* Task item
Set down all of the data that follows word for word, without the images.

* Data excerpts
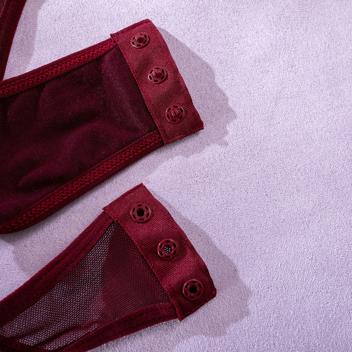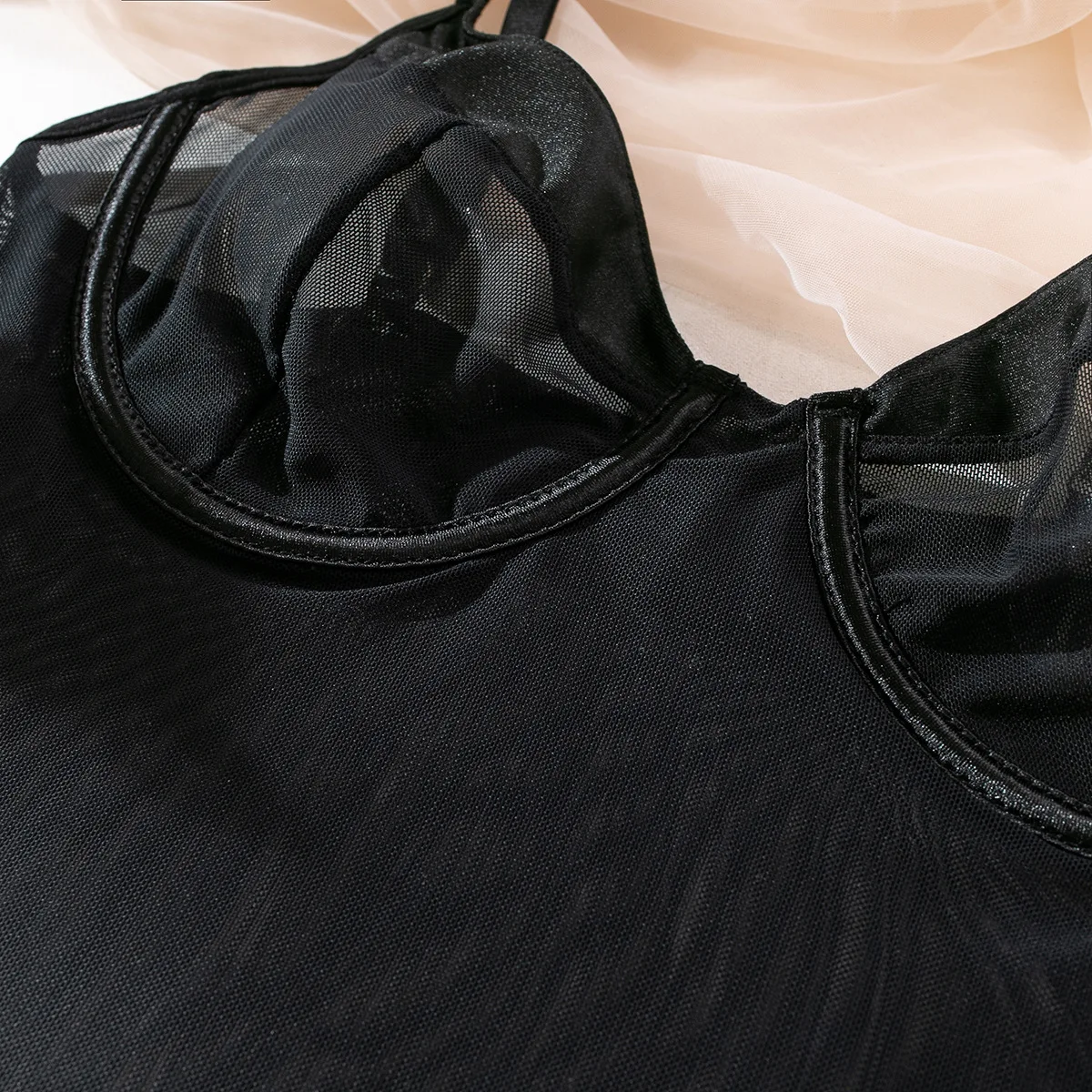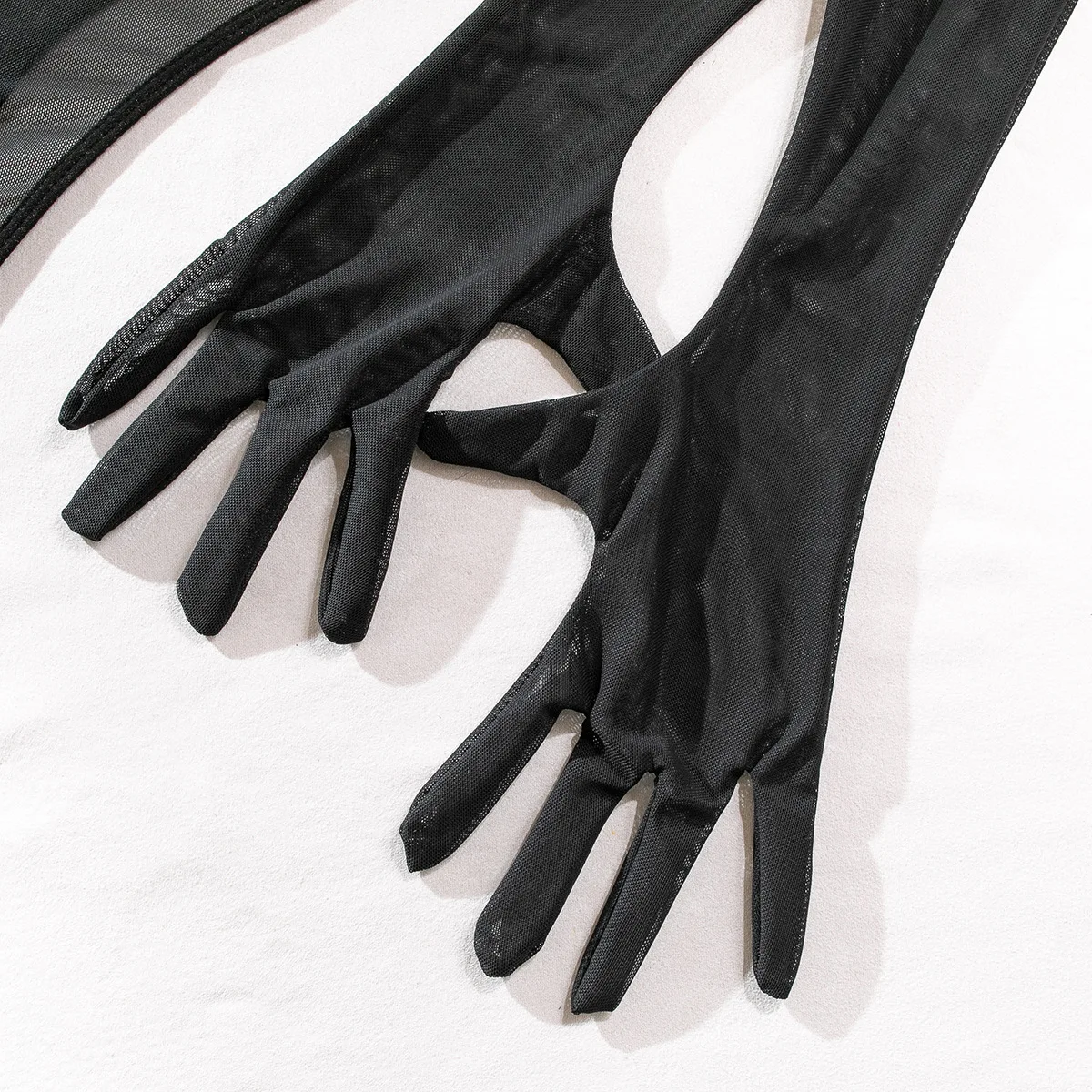 Yimunancy Sheer Mesh Bodysuit Women Patchwork High Cut Skinny Bodysuit Gloves Black Backless Club Body Femme
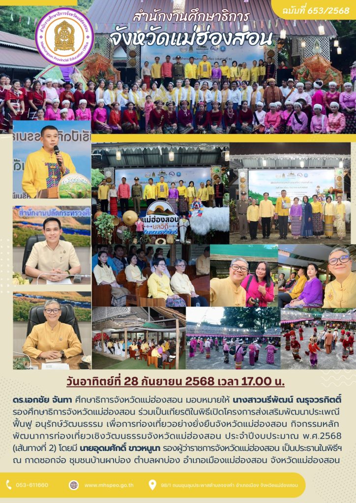 วันอาทิตย์ที่ 28 กันยายน 2568 เวลา 17.00 น. ดร.เอกชัย จันทา ศึกษาธิการจังหวัดแม่ฮ่องสอน มอบหมายให้
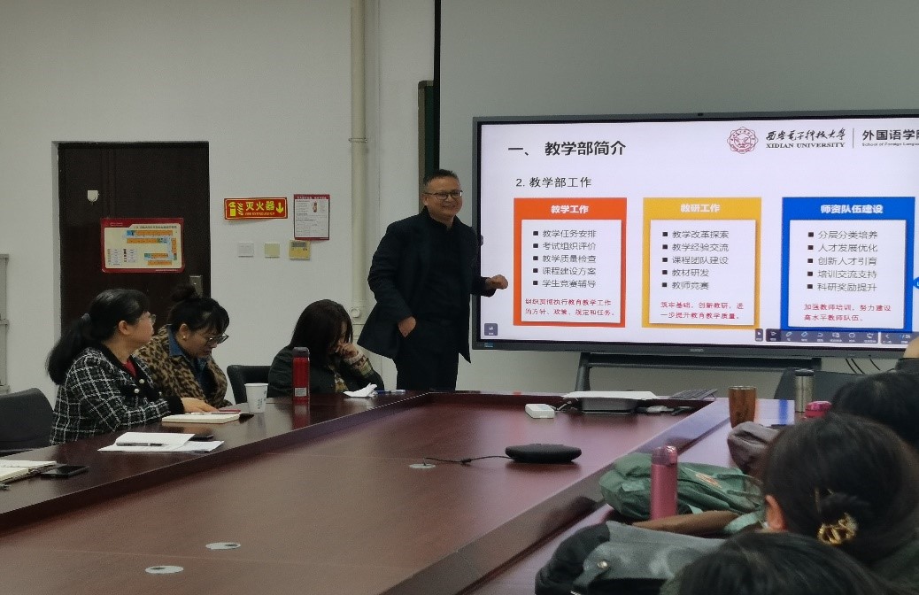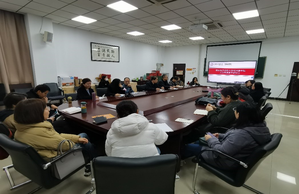 副院长李长安首先发言,鼓励参会教师提出并分析在大学英语课程教、学、管、评环节存在的问题、解决的途径。随后,课程负责人陈万庆汇报了大学英语课程教学改革的发展、取得的成效和面临的挑战。副院长曹志宏提出大学英语着力挖掘课程思政和思辨,给与学生人文关怀,旨在培养未来人才的综合素养,应下大力气搞好教学过程评估。
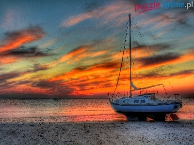 Puzzle Morze, Zachód, Słońca, Żaglówka
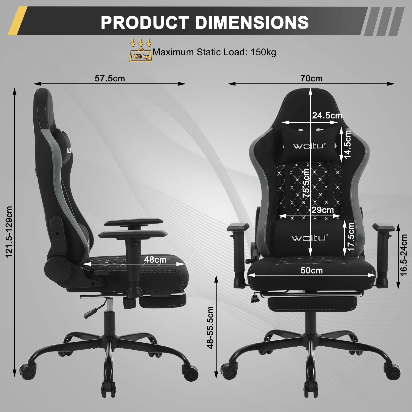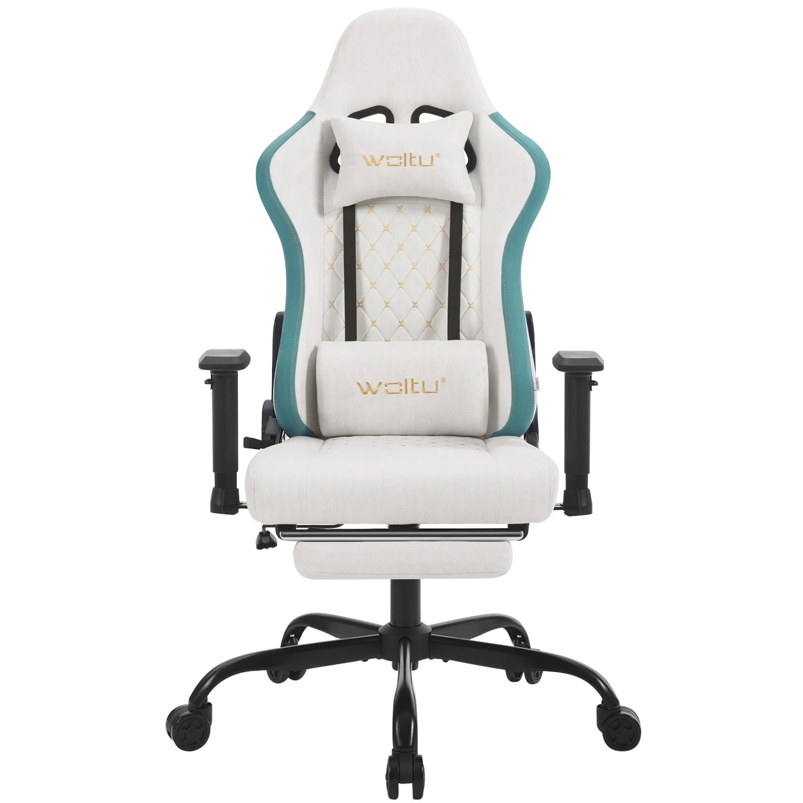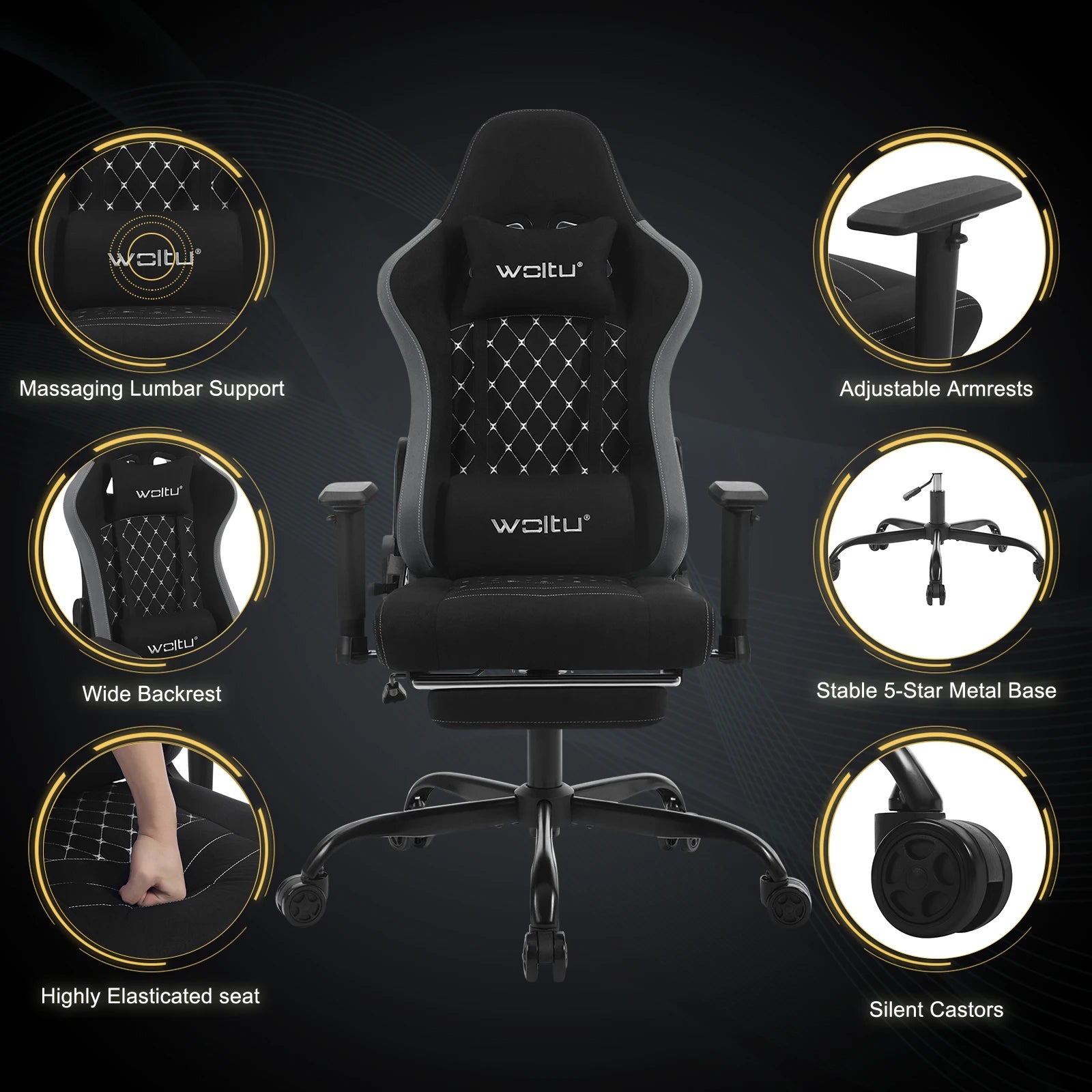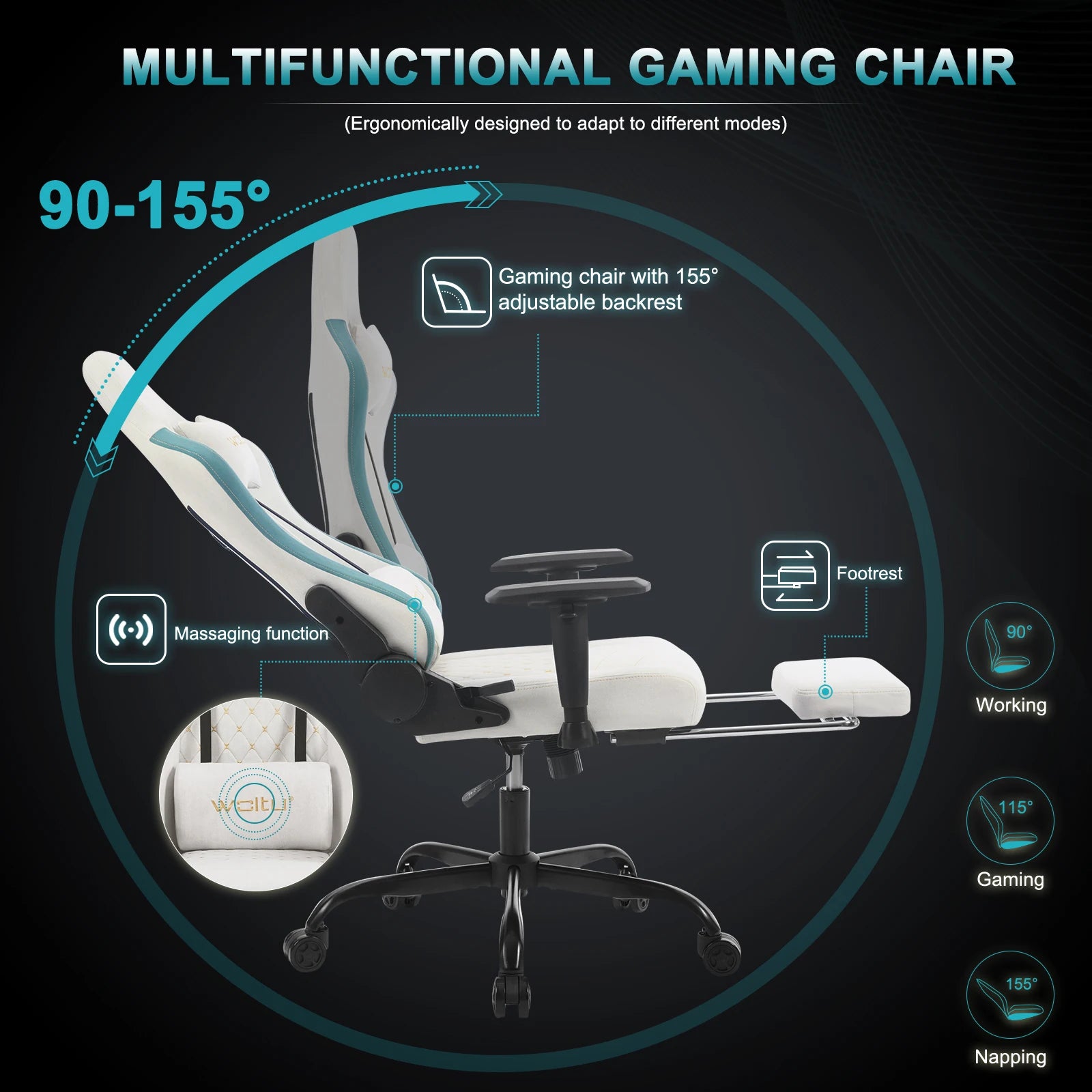 WOLTU Drehbarer Massage-Computer-Gaming-Stuhl, ergonomischer Racing-Gamer-Bürostuhl mit Rollen, Kopfstütze, Fußstütze, Lendenkissen
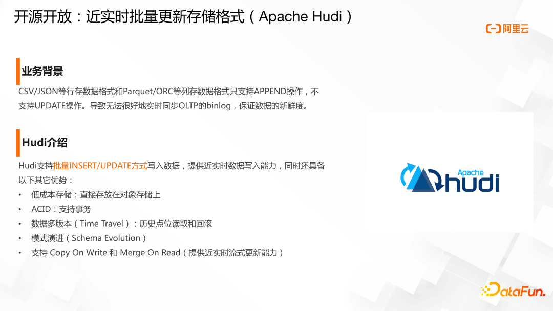 自研是打造技术深度的基础,但同时我们积极拥抱开源,满足已经生长在开源生态上的客户可以更平滑地使用湖仓版。外表类型,在 Parquet/ORC/JSON/CSV 等 Append 类型数据格式的基础上,为支持在对象存储上低成本 Lakehouse,支持了Apache Hudi,提供近实时的更新、删除能力,满足客户对低成本的诉求。02
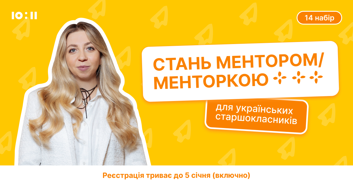 Національна безплатна «Програма менторства 10:11» відкрила реєстрацію на 14-й набір менторів та менторок для старшокласників/ць. Учасники/ці програми три місяці працюватимуть з учнівством із різних регіонів України та допомагатимуть молоді розширити світогляд і здобути нові навички, що будуть корисними в майбутній кар’єрі.

* Response area
 Yimunancy Sheer Mesh Bodysuit Women Patchwork High Cut Skinny Bodysuit Gloves Black Backless Club Body Femme
 วันอาทิตย์ที่ 28 กันยายน 2568 เวลา 17.00 น. ดร.เอกชัย จันทา ศึกษาธิการจังหวัดแม่ฮ่องสอน มอบหมายให้
 副院长李长安首先发言,鼓励参会教师提出并分析在大学英语课程教、学、管、评环节存在的问题、解决的途径。随后,课程负责人陈万庆汇报了大学英语课程教学改革的发展、取得的成效和面临的挑战。副院长曹志宏提出大学英语着力挖掘课程思政和思辨,给与学生人文关怀,旨在培养未来人才的综合素养,应下大力气搞好教学过程评估。
 Puzzle Morze, Zachód, Słońca, Żaglówka
 WOLTU Drehbarer Massage-Computer-Gaming-Stuhl, ergonomischer Racing-Gamer-Bürostuhl mit Rollen, Kopfstütze, Fußstütze, Lendenkissen
 自研是打造技术深度的基础,但同时我们积极拥抱开源,满足已经生长在开源生态上的客户可以更平滑地使用湖仓版。外表类型,在 Parquet/ORC/JSON/CSV 等 Append 类型数据格式的基础上,为支持在对象存储上低成本 Lakehouse,支持了Apache Hudi,提供近实时的更新、删除能力,满足客户对低成本的诉求。02
 Національна безплатна «Програма менторства 10:11» відкрила реєстрацію на 14-й набір менторів та менторок для старшокласників/ць. Учасники/ці програми три місяці працюватимуть з учнівством із різних регіонів України та допомагатимуть молоді розширити світогляд і здобути нові навички, що будуть корисними в майбутній кар’єрі.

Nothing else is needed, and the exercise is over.